Already on GitHub? Sign in to your account

fix eager dtype conversion of value column #1353

Merged
merged 10 commits into from
Dec 31, 2024
Merged

Conversation

drammock
Copy link
Member

@drammock drammock commented Dec 16, 2024

Follow-up to #1349, see https://github.com/mne-tools/mne-bids/pull/1349/files#r1885104885

PR Description

Basically: use defensive programming when trying to dtype-convert the value column from events.tsv. I was a bit worried that a column called value could easily exist in real datasets and not conform to the way that column gets written by MNE-BIDS, and it didn't take long for @larsoner to find one :)

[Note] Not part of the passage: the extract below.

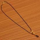 This mangalsutra necklace is handcrafted in copper alloy with fine black chain and gold ball motifs . Its an ethnic mangalsutra design plated in 18kt gold plating.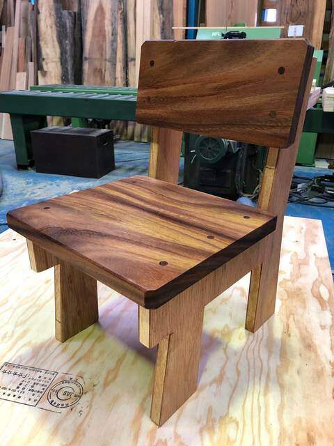 これで完成です。無垢材の色味や目が味わい深く、温かみも感じられるチェアになりました。何よりお父さんお母さんが子どものために作ったオリジナルということが意味があるかと思います。受け取った子どももきっと想いを感じ、大切に使ってくれるかなと思います。

The bug was already caught by a downstream test in MNE-BIDS-Pipeline, so I didn't bother adding a new test here, but LMK if you want me to add a simple one.

Merge checklist

Maintainer, please confirm the following before merging.
If applicable:

  • All comments are resolved
  • This is not your own PR
  • All CIs are happy
  • PR title starts with [MRG]
  • whats_new.rst is updated
  • New contributors have been added to CITATION.cff
  • PR description includes phrase "closes <#issue-number>"

@drammock
Copy link
Member Author

circleCI failure is a bit mysterious (failure to cross-ref pathlib.Path in an attribute docstring). I thought it was sphinx-doc/sphinx#12317 but CircleCI here is running Sphinx 8.1.3 so that fix should definitely be in place. I'll try to dig deeper tomorrow. Also haven't looked into the Py3.10 build failure yet, beyond noting that it's a metadata-missing on twine --check error. anyone else should feel free to investigate if you have a debugging craving and a few minutes.

@drammock
Copy link
Member Author

OK, the cross-ref failure looks like sphinx-doc/sphinx#13178; autodoc is the cause but so far I can't really understand the root of the problem. Probably we just need to add a warning ignore :(

sadly I can't replicate the twine check --strict dist/* failure locally using a py3.10 environment :(

Copy link

codecov bot commented Dec 17, 2024

Codecov Report

Attention: Patch coverage is 90.00000% with 2 lines in your changes missing coverage. Please review.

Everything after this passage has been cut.